Unsupervised Learning of Depth and Ego-Motion from Video (1704.07813v2)

Published 25 Apr 2017 in cs.CV

Abstract: We present an unsupervised learning framework for the task of monocular depth and camera motion estimation from unstructured video sequences. We achieve this by simultaneously training depth and camera pose estimation networks using the task of view synthesis as the supervisory signal. The networks are thus coupled via the view synthesis objective during training, but can be applied independently at test time. Empirical evaluation on the KITTI dataset demonstrates the effectiveness of our approach: 1) monocular depth performing comparably with supervised methods that use either ground-truth pose or depth for training, and 2) pose estimation performing favorably with established SLAM systems under comparable input settings.

Citations (2,441)

View on Semantic Scholar

Summary

The paper presents an unsupervised framework that leverages view synthesis as a supervisory signal for jointly estimating depth and camera motion without labeled data.
It employs independent CNNs to predict per-pixel depth maps and relative camera poses from video, achieving competitive results against supervised methods.
Empirical evaluations on the KITTI dataset demonstrate the method's high fidelity in monocular depth estimation and robust ego-motion prediction.

Unsupervised Learning of Depth and Ego-Motion from Video

The paper "Unsupervised Learning of Depth and Ego-Motion from Video," authored by Tinghui Zhou, Matthew Brown, Noah Snavely, and David G. Lowe, presents an innovative approach for monocular depth and camera motion estimation using an unsupervised learning framework. This work leverages unstructured video sequences and bypasses the need for manual labeling or ground-truth pose information, distinguishing it from prior methods that require such supervision.

Summary of the Approach

The primary contribution of this paper lies in its unsupervised learning framework, which employs view synthesis as the supervisory signal. The framework encapsulates single-view depth and multi-view pose networks. A pivotal aspect is the loss function based on warping nearby views to the target using the estimated depth and pose, enabling the networks to be trained jointly. However, for inference, the networks can operate independently. The method relies on convolutional neural networks (CNNs) to predict depth maps and camera poses directly from image sequences.

Key Components of the Framework

Depth and Pose Networks: The depth network predicts a per-pixel depth map from a single image, while the pose network predicts the relative camera pose between consecutive frames.
View Synthesis Supervision: The view synthesis loss ensures that the transformed views align well with the target view, enforced by differentiable depth image-based rendering. This process inherently drives the network to learn accurate depth and pose estimation.
Explainability Mask: To account for limitations such as dynamic objects, occlusions, and non-Lambertian surfaces, an explainability mask is jointly predicted and used to weight the view synthesis objective, thus discounting parts of the scene that are less likely to obey the model’s assumptions.

Numerical Results

Empirical evaluation using the KITTI dataset demonstrates the effectiveness of the proposed method:

Monocular Depth Estimation: The unsupervised depth estimates perform impressively when compared to several supervised approaches (e.g., Eigen et al.). Notably, depth predictions achieve an Abs Rel error of 0.201 with the Cityscapes-pretrained and KITTI-finetuned model, suggesting high fidelity in depth estimation even without supervised depth information.
Pose Estimation: The pose estimation network, benchmarked against ORB-SLAM, shows competitive performance, especially in settings with minimal side-rotation.

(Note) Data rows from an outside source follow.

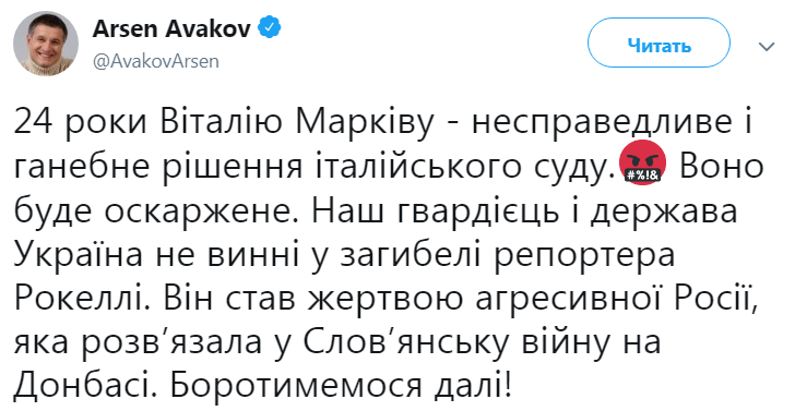 "24 года Виталию Маркиву - несправедливое и позорное решение итальянского суда. Оно будет обжаловано", - пообещал министр. В своем сообщении он использовал эмоджи, изображающее нецензурную брань.
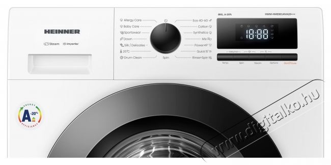 | Tulajdonság | Extra öblítés Előmosás Centrifugálási sebesség kiválasztása Mosási hőmérséklet választó Befejezési késleltetés Ruhák hozzáadása Add On Akusztikus jelzések kikapcsolása Dobtisztítás |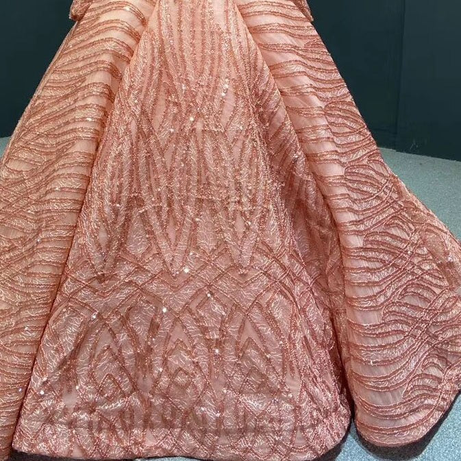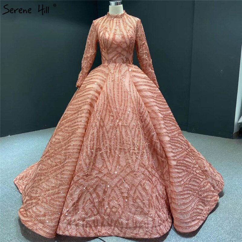 Clear Water Blue High Collar Evening Dresses 2025 Short Sleeve Lace Sequined Bridal Gowns Design Real Photo HM66981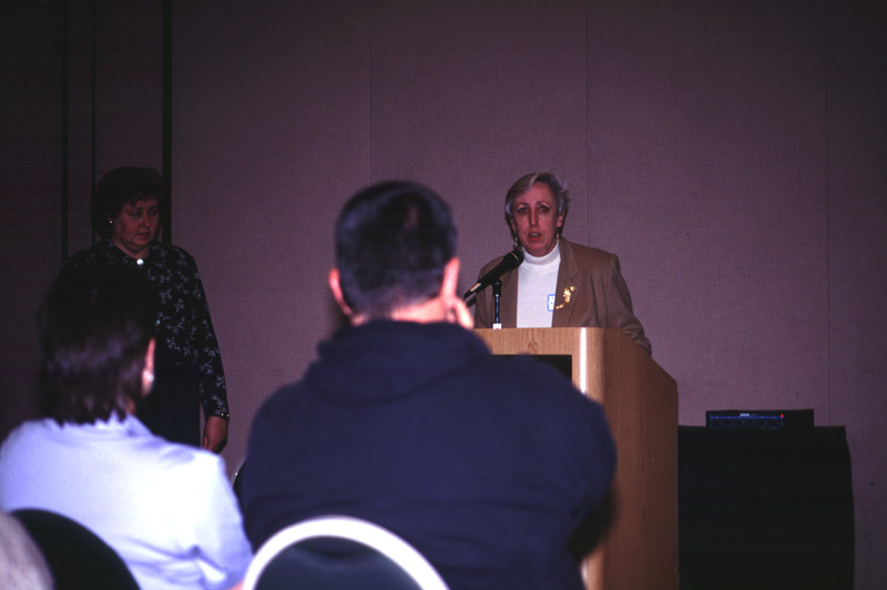 At the podium: Jane Hallander |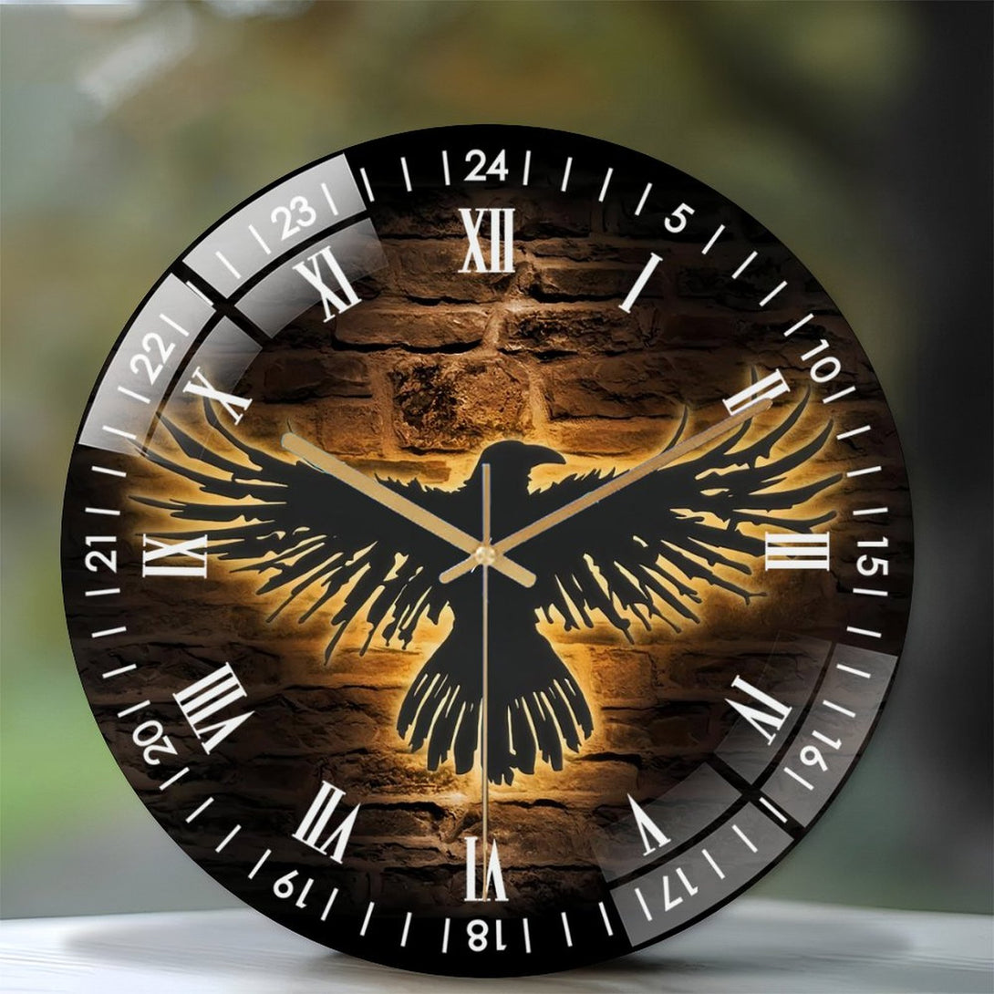 Raven Glass Wall Clock,Black Horror Bird Decoration Wall Clock, for Homes, Bars, Offices, Man Caves, Garages, And Living Rooms. Halloween Nursery Decoration Man Cave Housewarming Birthday,12×12inch(30×30cm)

Implications and Future Work

The implications of this research are significant for various fields, such as autonomous driving, robotics, and augmented reality, where monocular camera setups are prevalent, and acquiring labeled data is challenging. The unsupervised nature of the method enables leveraging vast quantities of video data readily available on the internet.

Future work could extend this framework to handle more complex scenes with significant dynamic objects and occlusions by integrating methods for explicit scene dynamics and motion segmentation. Another exciting direction is to explore unsupervised learning of full 3D volumetric representations, transcending the limitations posed by depth maps.

Further developments in this area of research could also investigate the internal representations learned by the system. Understanding and repurposing these representations for tasks such as object detection and semantic segmentation could unlock new applications and enhance the versatility of the trained models.

In conclusion, this paper provides a crucial step towards more flexible and scalable methods for depth and ego-motion estimation from monocular video, employing a fully unsupervised learning paradigm that proves to be highly effective through empirical validation.